Our Muse: Brigitte Bardot

Brigitte Bardot is an icon of 60’s style.  Graceful and feminine, her style endures, 60 years on.

In And God Created Woman, set in St Tropez, Bardot burst on to the international screen.

With sun-kissed hair and skin, Bardot had a new and unique look that could best be described as ‘natural’ and a little unfinished. Her hair was tousled and not ‘done’ (“set” as had been the fashion before her) and she was often bare foot or in ballet flats. 

 

 

Bardot was her authentic self in all its uniqueness, bringing something completely new and refreshing to the cinema screen.
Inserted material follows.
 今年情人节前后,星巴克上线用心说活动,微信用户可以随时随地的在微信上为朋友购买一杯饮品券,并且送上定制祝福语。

Bardot entered our collaborative consciousness as a completely new representation of what it means to be a woman - a new archetype, ignoring and defying tradition and convention. The French philosopher and writer, Simone de Beauvoir wrote (in an article about Brigitte Bardot in 1959) that Bardot “turns her nose up at elegant clothes, jewels, girdles, perfumes, make-up, at all artifice”.

With her long mane of tousled hair and her lithe ballet trained form, Bardot was feminine, without being fragile, she embodied both femininity and strength.   Her strength emanates from the physicality of her classical ballet training and from within, from her personality.  Bardot rarely played the traditional 'damsel in distress'. Instead she fought where she needed to, in Shalako (1968) and even in the comedic western Les Pétroleuses (1971) - (see banner image) where the assured Bardot leads a band of outlaws, ready to take on the world!
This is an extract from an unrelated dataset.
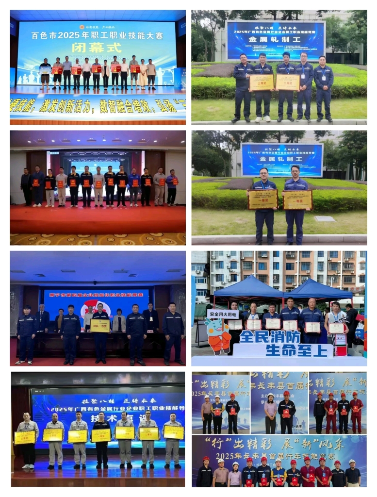 在2025年“中国铝业杯”第十八届全国有色金属行业职业技能竞赛电解工项目中,广西铝业集团参赛队凭借扎实技艺与稳定发挥,斩获团体优秀奖,三名选手分别取得个人赛第6、第9、第14名。在广西金属轧制工大赛中拿下团体冠亚军和个人前三名,在行业赛中斩获团体冠军、季军和个人前五名。在广西电解工大赛中获团体赛一等奖、二等奖,个人赛中有8名选手进入前10名,在行业赛中获团队二等奖、三等奖。在广西电子信息行业职工职业技能大赛计算机及外部设备装配调试员竞赛中,包揽该项比赛前三名,另有2名选手获优胜奖。在广西数控车工大赛中斩获个人赛冠军。在广西质量管理员竞赛中获个人赛冠军,在广西质检员竞赛中获个人赛亚军。在广西电工、仪表仪器维修工中分别有1名选手进入前十名。在甘肃省百万职工劳动和技能竞赛中,6人获甘肃省技术标兵荣誉称号。

Bardot had an ability to enjoy the moment, a love of nature and animals and a healthy lack of respect for conventions and ‘rules’ for rules’ sake.  Her unfinished appearance implied an absent-mindedness that was both refreshing and endearing, showing her thoughts were elsewhere than on her appearance.  And her devotion to her causes, shows this to be true.  She famously joined the Sea Shepherd in 1977 on the icefloes off the East Coast of Canada to bring attention to the slaughter of baby whitecoat seals for their fur. 

 

Bardot’s enduring charm springs from this lack of vanity together with an air of indifference to what others think. Her style, without artifice and over-complication gives a freedom, both from the constraints of uncomfortable clothes …and expresses a healthy indifference of up-to-the minute trends. 

This indifference now beats as the heart of French style, known as “insouciance” it is what attracts women of all cultures to French style.… a style embodied by Brigitte Bardot.